#### Exercise brief:
Give back every record word for word, but keep the pictures out.

#### Exercise input:
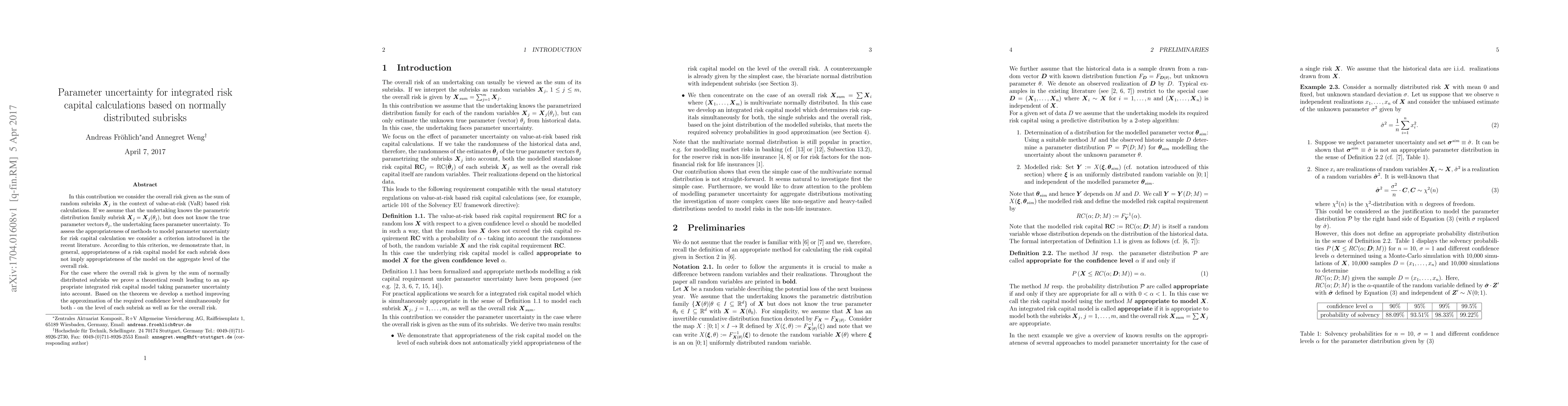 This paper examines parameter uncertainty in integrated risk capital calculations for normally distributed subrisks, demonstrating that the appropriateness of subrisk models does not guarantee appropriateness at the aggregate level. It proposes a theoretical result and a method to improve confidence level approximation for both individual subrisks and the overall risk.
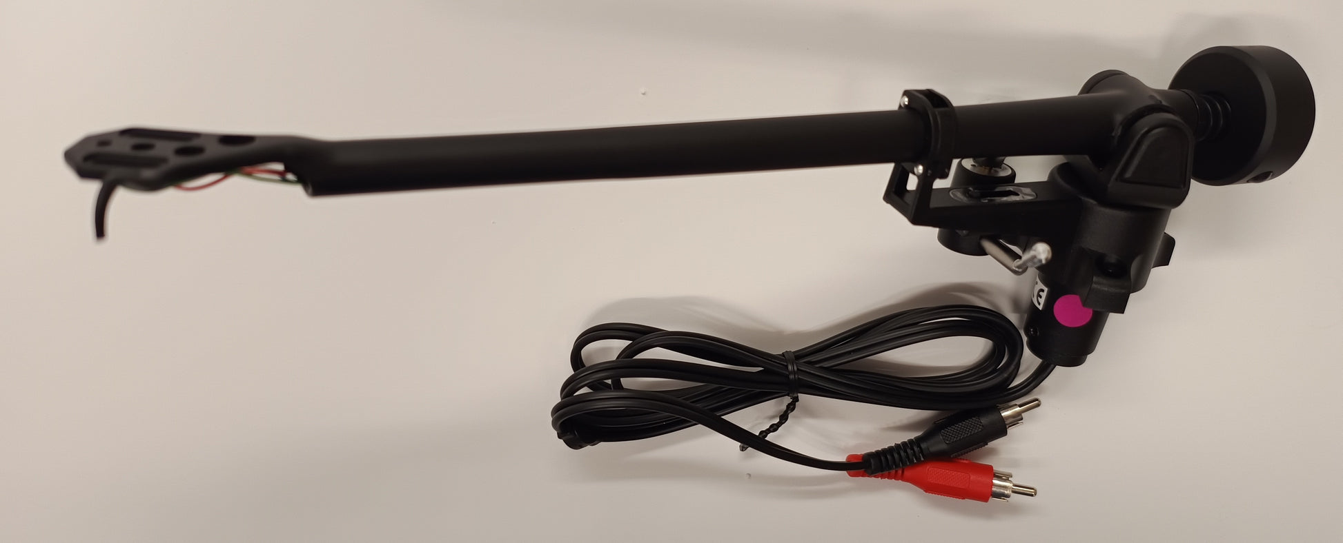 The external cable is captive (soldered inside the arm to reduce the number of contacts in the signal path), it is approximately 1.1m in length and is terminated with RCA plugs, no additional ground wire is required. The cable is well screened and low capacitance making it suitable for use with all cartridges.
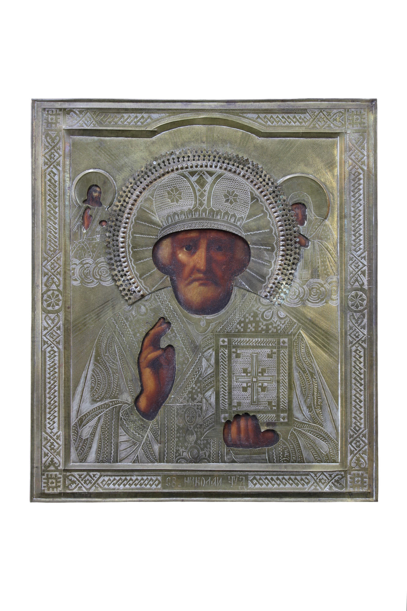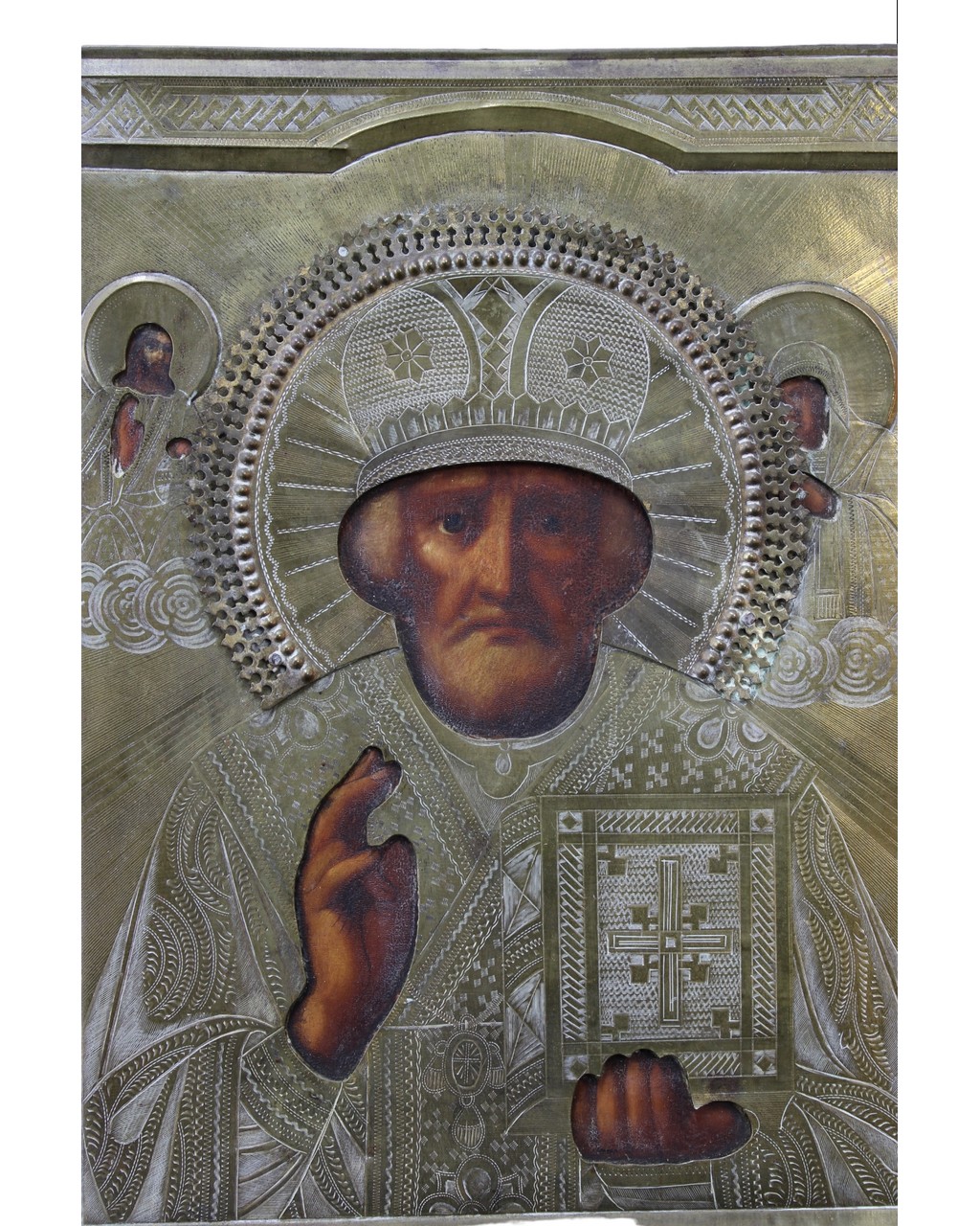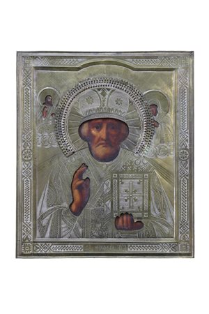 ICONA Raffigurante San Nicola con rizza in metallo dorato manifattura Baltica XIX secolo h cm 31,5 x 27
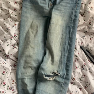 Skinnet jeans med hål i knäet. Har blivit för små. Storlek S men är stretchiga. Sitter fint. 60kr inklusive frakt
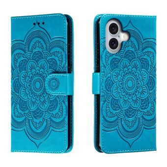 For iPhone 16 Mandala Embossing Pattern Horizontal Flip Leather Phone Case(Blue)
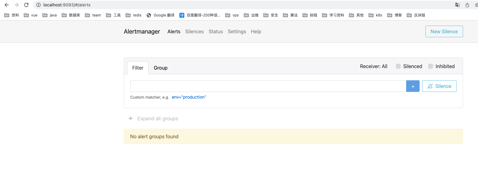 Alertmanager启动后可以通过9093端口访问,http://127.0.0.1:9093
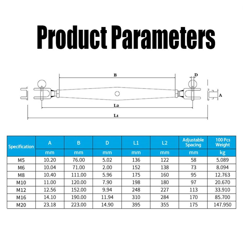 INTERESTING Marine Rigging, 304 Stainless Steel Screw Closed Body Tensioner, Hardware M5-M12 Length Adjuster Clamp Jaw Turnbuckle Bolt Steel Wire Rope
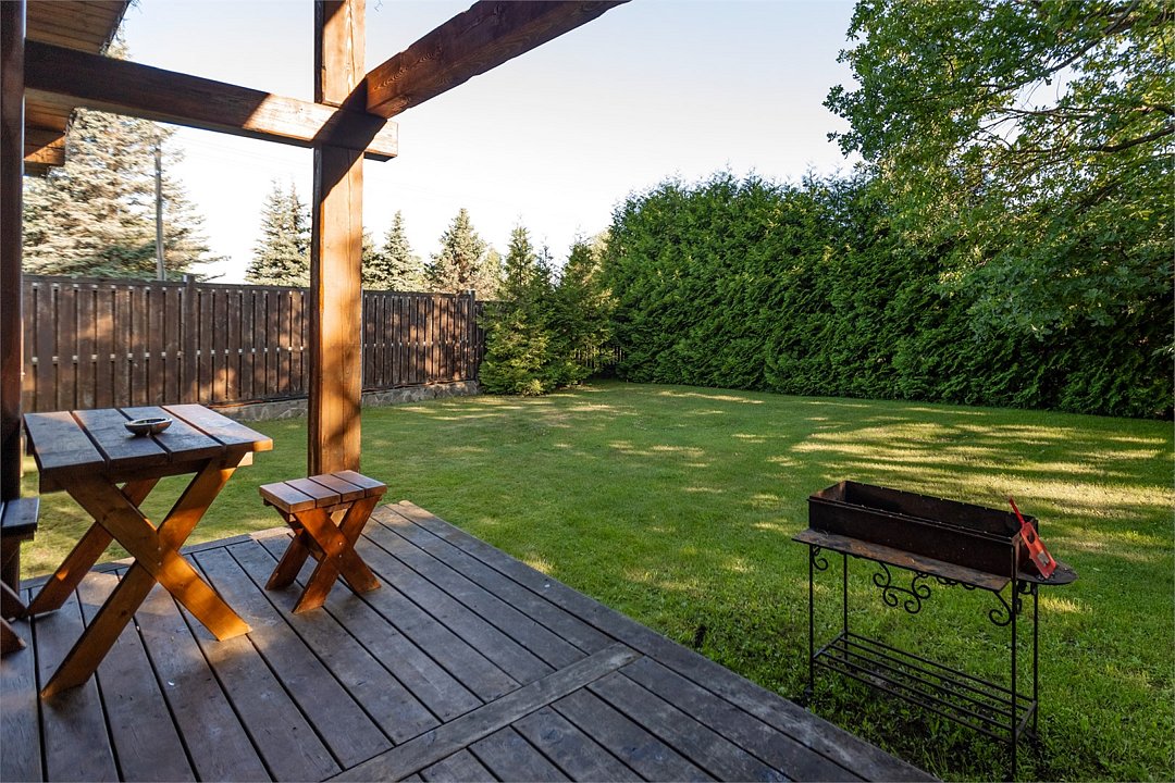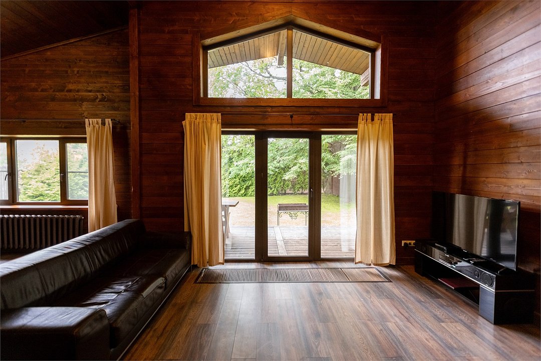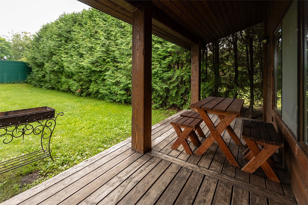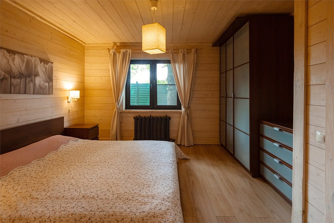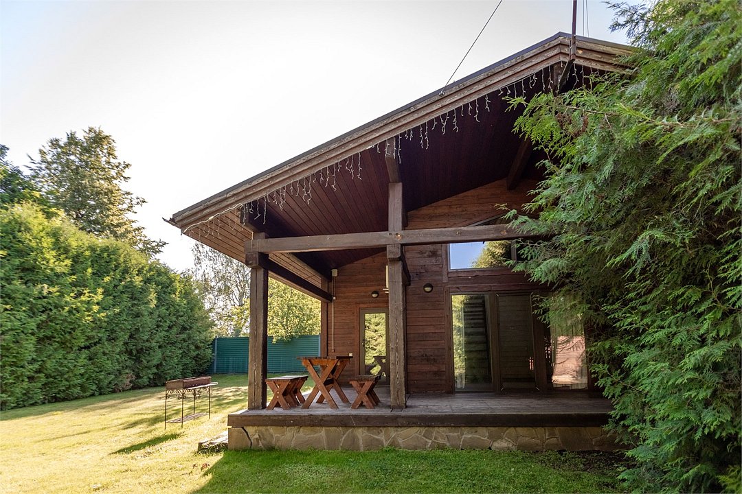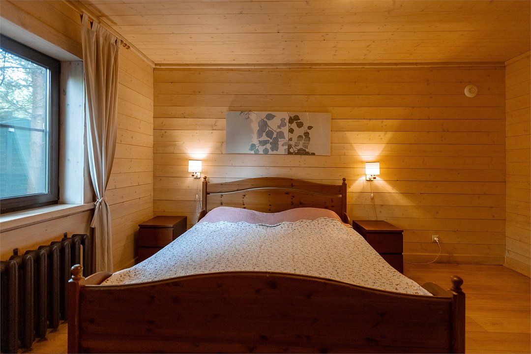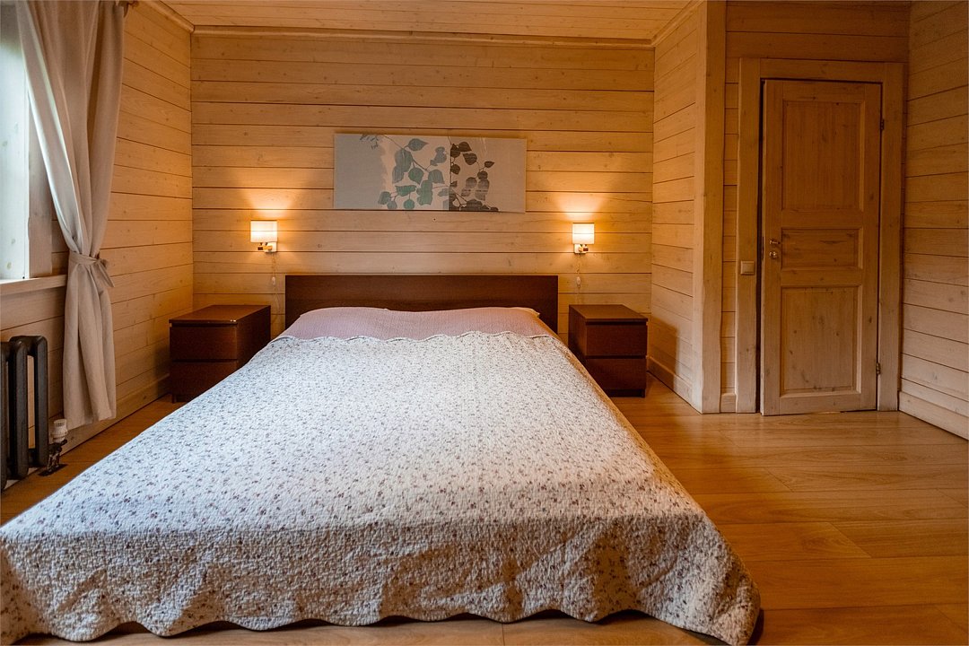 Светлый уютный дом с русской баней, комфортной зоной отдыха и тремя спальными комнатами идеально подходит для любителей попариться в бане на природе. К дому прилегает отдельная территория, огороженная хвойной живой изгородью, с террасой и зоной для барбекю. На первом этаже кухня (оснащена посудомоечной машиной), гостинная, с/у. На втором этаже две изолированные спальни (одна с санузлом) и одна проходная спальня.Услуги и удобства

#### Task output:
 This paper examines parameter uncertainty in integrated risk capital calculations for normally distributed subrisks, demonstrating that the appropriateness of subrisk models does not guarantee appropriateness at the aggregate level. It proposes a theoretical result and a method to improve confidence level approximation for both individual subrisks and the overall risk.
 The external cable is captive (soldered inside the arm to reduce the number of contacts in the signal path), it is approximately 1.1m in length and is terminated with RCA plugs, no additional ground wire is required. The cable is well screened and low capacitance making it suitable for use with all cartridges.
 ICONA Raffigurante San Nicola con rizza in metallo dorato manifattura Baltica XIX secolo h cm 31,5 x 27
 Skinnet jeans med hål i knäet. Har blivit för små. Storlek S men är stretchiga. Sitter fint. 60kr inklusive frakt
 For iPhone 16 Mandala Embossing Pattern Horizontal Flip Leather Phone Case(Blue)
 Alertmanager启动后可以通过9093端口访问,http://127.0.0.1:9093
 INTERESTING Marine Rigging, 304 Stainless Steel Screw Closed Body Tensioner, Hardware M5-M12 Length Adjuster Clamp Jaw Turnbuckle Bolt Steel Wire Rope
 Светлый уютный дом с русской баней, комфортной зоной отдыха и тремя спальными комнатами идеально подходит для любителей попариться в бане на природе. К дому прилегает отдельная территория, огороженная хвойной живой изгородью, с террасой и зоной для барбекю. На первом этаже кухня (оснащена посудомоечной машиной), гостинная, с/у. На втором этаже две изолированные спальни (одна с санузлом) и одна проходная спальня.Услуги и удобства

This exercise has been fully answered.